Амалия Генриховна тяжело переживала смерть супруга, она бодрилась, делала вид, что все хорошо, но по ночам плакала. Я подумала, что кто-то на небесах пожалел маму и забрал ее. Теперь они с папой вместе, им там хорошо. Но вчера…
Лидия замолчала, потом робко спросила:
– Я показалась вам дурочкой?
– Конечно, нет! – воскликнул я.
Алексеева вздохнула.
– Мне свойственно ребячество. Я услышала про итальянское мороженое и пришла в восторг! В детстве я постоянно болела, эскимо мне доставалось только по большим праздникам, да и то в подтаявшем состоянии. Поэтому пломбир приводит меня, давно взрослую, в восторг. Ну и сейчас я сильно нервничаю, по этой причине кажусь взбалмошной. Вообще-то я опытный специалист, умею себя вести. Может, конечно, моя нервозность обусловлена отменой гомеопатии, которую я пила по назначению папы, да и все, что случилось в нашей семье, не способствует душевному равновесию.

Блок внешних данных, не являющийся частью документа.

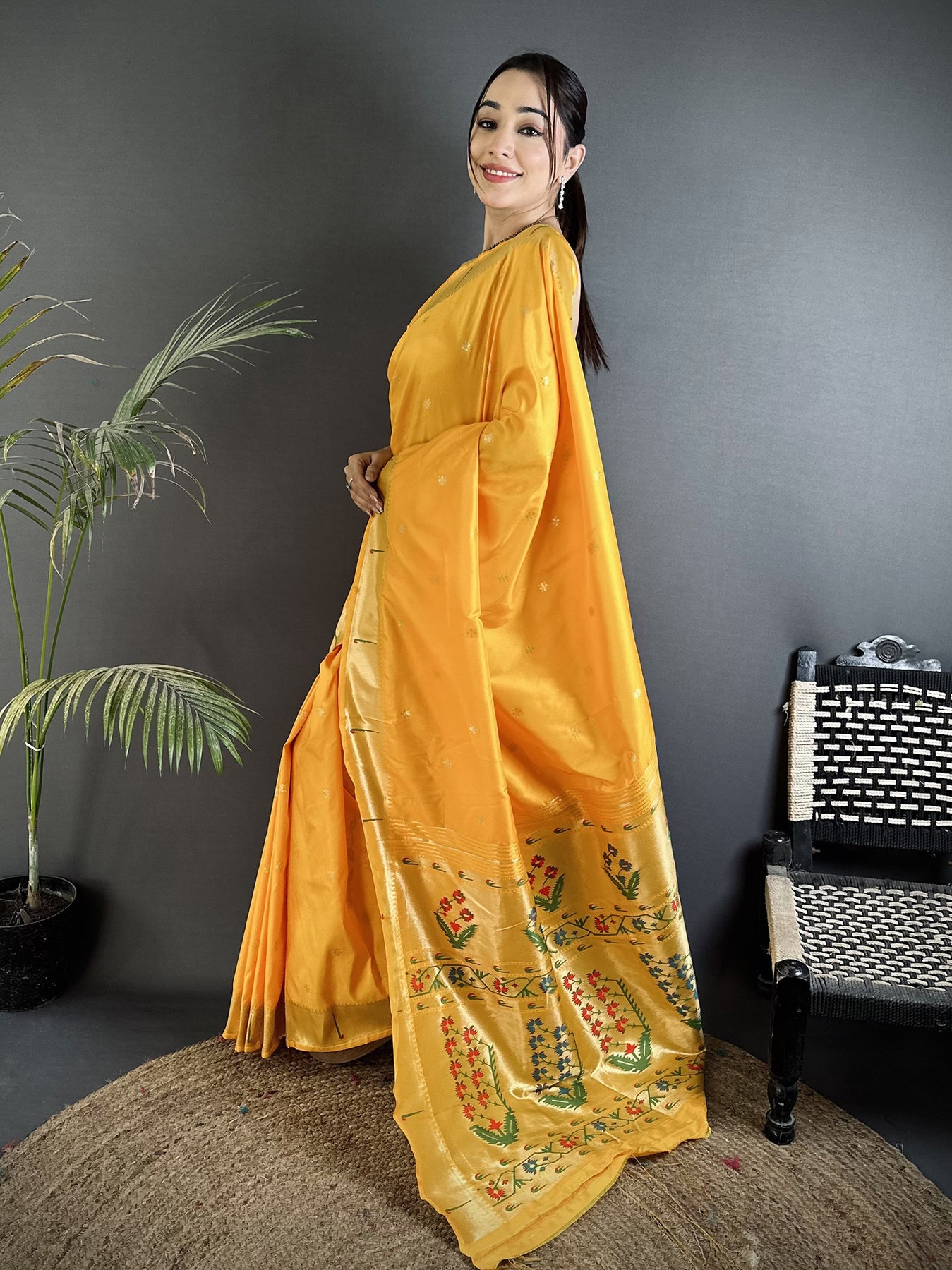 Yellow Lichi Silk Floral Ikkat Motifs Zari weaving Paithani Saree
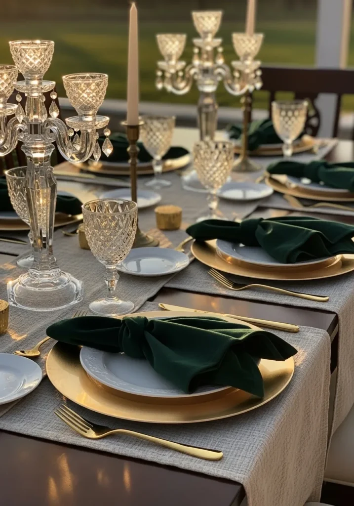 I think this design is breathtaking because it feels both formal and welcoming. The gold and green palette never goes out of style, and the glimmer of crystal adds just the right amount of sparkle for a memorable dinner.
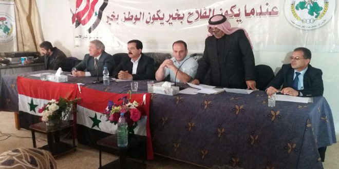 وقدم رئيس فرع اتحاد فلاحي القنيطرة علي المشيعيل شرحا عن عمل الاتحاد خلال العام الماضي والصعوبات التي تعترض العمل الزراعي داعيا الفلاحين إلى استثمار كل المساحات الزراعية بالمزروعات الشتوية والصيفية فيما أشار مدير فرع الأعلاف بالقنيطرة المهندس وحيد السعدية إلى أن أسعار المقنن العلفي مركزية من قبل اللجنة الاقتصادية في الوزارة وهي أسعار مدعومة لمربي الثروة الحيوانية.
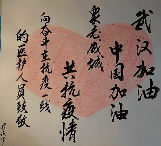 湖北省武汉市发现并蔓延的新型冠状病毒感染肺炎疫情牵动着全国人心,电院广大师生们守望相助、众志成城,坚决贯彻习近平总书记关于新型冠状病毒感染的肺炎疫情防控工作重要指示精神和学校关于疫情防控的工作部署,他们有的主动请缨参加疫情防控志愿者工作,更多的师生们都积极响应国家号召在家自行隔离,除了关注疫情动态,大家自发参加了“我为武汉加油助威写祝福活动!”以书法、钢笔字、漫画、诗歌、海报或手持自制祝福文字、卡片的照片等送武汉,通过暖心手写(绘)祝福,透过文字或图片提供力量,把祝福带给在抗疫第一线奋战的医护人员和在武汉的全体同胞,凝聚众志成城抗疫情的强大力量为武汉加油!

– Вы совершенно не похожи на истеричку, – возразил Борис, – и мне всегда приятно видеть женщину, которая умеет искренне радоваться мелочам. Мороженому. Солнцу. Интересной книге. Дождю. Новым туфлям. Вы обладаете этим качеством. Перед вами у Ивана Павловича была дама, которая, уходя, раздавила каблуком его телефон.
Лида закрыла ладонью рот и тихонечко хихикнула.
– На это я не способна. Но один раз вышвырнула свою трубку в окно. Звонки надоели! Раз я кажусь вам нормальным человеком, тогда у меня есть шанс, что вы отнесетесь к моему рассказу с вниманием. Около нашего дома работает кофейня, одна из первых в столице. Я там каждый день утром пью капучино. За стойкой стоит владелец заведения Леша, мы с ним приятели, но не близкие друзья. Позавчера, как обычно, в восемь утра я сажусь за любимый столик у окна, мне готовят кофе. И вдруг прилетает эсэмэска от соседки с пятого этажа: «Спустись вниз, я не могу дверь подъезда открыть. Виктор не отвечает. У меня, наверное, ключ размагнитился. Олеся». Алексей чашку передо мной поставил, а я кинулась на выход со словами: «Сейчас вернусь, только Олесе дверь открою». Весь наш дом к Леше ходит, он нас всех прекрасно знает. Подбегаю к парадному – никого. Ну, думаю, наверное, Леська сама сумела дверь открыть. Написала ей: «Ты уже дома? Я у входа». И назад пошла. Ответ быстро прилетел: «Я душ принимала, голова мокрая. Зайди минут через десять». Я остановилась, ничего не понимая.
Алексеева вынула телефон, постучала пальцем по экрану и протянула мобильный Борису.
– Прочитайте нашу переписку. Вслух, чтобы ваш начальник слышал.
Батлер откашлялся и озвучил текст:
«Зайти к тебе? Зачем?»
«Ты же написала: «Я у входа, но не вижу тебя». Я подумала, что ты на лестнице в дверь звонила, а я не слышала, мылась».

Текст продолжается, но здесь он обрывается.